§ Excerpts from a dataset
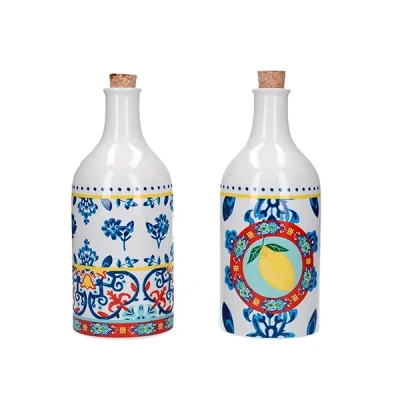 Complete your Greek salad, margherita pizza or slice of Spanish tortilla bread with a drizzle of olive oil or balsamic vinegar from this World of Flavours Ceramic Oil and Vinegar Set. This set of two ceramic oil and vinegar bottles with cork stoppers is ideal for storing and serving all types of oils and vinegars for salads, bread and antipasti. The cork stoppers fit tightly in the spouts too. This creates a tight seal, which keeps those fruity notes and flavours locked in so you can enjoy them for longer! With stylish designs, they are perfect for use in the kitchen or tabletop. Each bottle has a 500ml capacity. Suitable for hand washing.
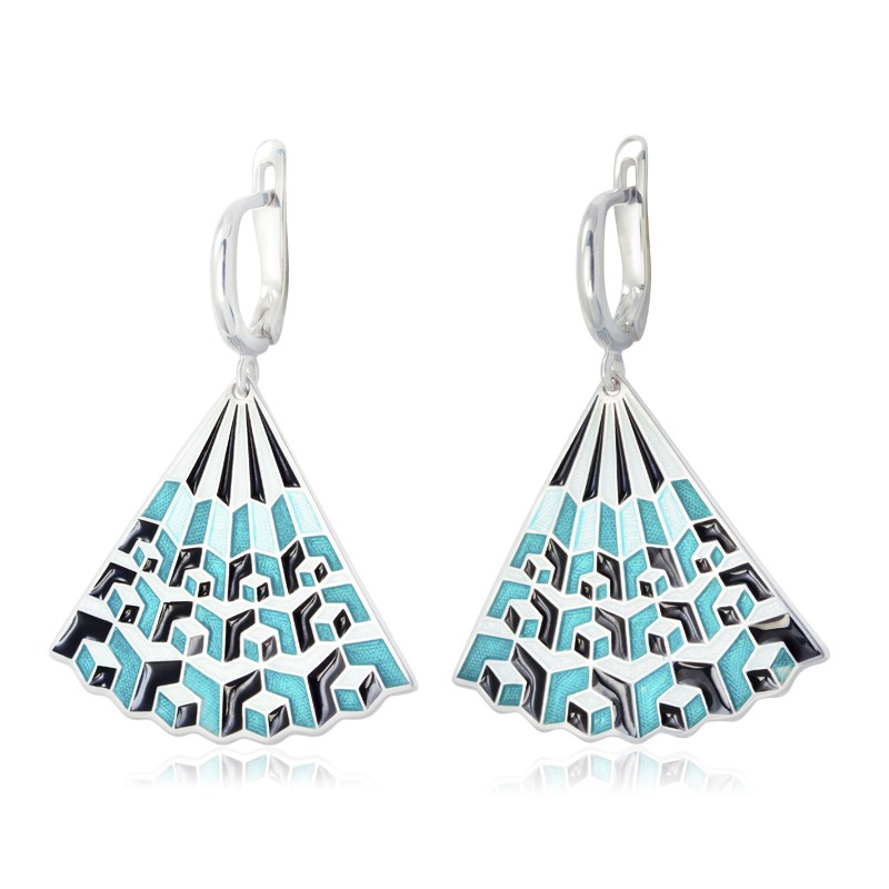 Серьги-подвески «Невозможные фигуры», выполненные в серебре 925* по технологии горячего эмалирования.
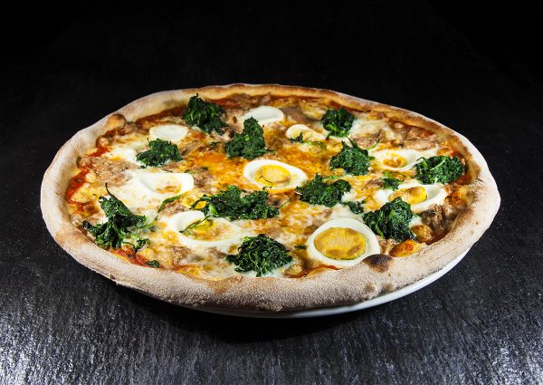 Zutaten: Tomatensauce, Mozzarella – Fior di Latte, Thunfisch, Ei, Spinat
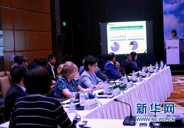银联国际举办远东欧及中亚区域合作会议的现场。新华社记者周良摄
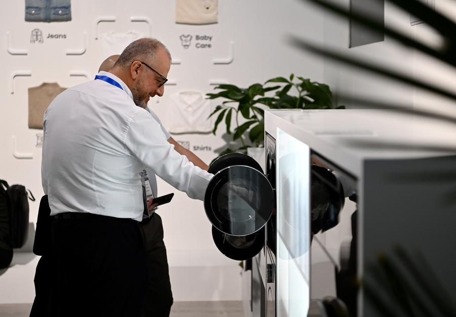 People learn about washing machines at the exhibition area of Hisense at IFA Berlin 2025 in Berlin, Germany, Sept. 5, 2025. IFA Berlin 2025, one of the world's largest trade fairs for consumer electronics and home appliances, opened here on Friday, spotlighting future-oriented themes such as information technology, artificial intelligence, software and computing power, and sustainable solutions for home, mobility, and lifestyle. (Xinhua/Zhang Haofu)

§ Task
Write every entry out again exactly, dropping the pictures.

§ Reply to the exercise
 Complete your Greek salad, margherita pizza or slice of Spanish tortilla bread with a drizzle of olive oil or balsamic vinegar from this World of Flavours Ceramic Oil and Vinegar Set. This set of two ceramic oil and vinegar bottles with cork stoppers is ideal for storing and serving all types of oils and vinegars for salads, bread and antipasti. The cork stoppers fit tightly in the spouts too. This creates a tight seal, which keeps those fruity notes and flavours locked in so you can enjoy them for longer! With stylish designs, they are perfect for use in the kitchen or tabletop. Each bottle has a 500ml capacity. Suitable for hand washing.
 Серьги-подвески «Невозможные фигуры», выполненные в серебре 925* по технологии горячего эмалирования.
 Zutaten: Tomatensauce, Mozzarella – Fior di Latte, Thunfisch, Ei, Spinat
银联国际举办远东欧及中亚区域合作会议的现场。新华社记者周良摄
 People learn about washing machines at the exhibition area of Hisense at IFA Berlin 2025 in Berlin, Germany, Sept. 5, 2025. IFA Berlin 2025, one of the world's largest trade fairs for consumer electronics and home appliances, opened here on Friday, spotlighting future-oriented themes such as information technology, artificial intelligence, software and computing power, and sustainable solutions for home, mobility, and lifestyle. (Xinhua/Zhang Haofu)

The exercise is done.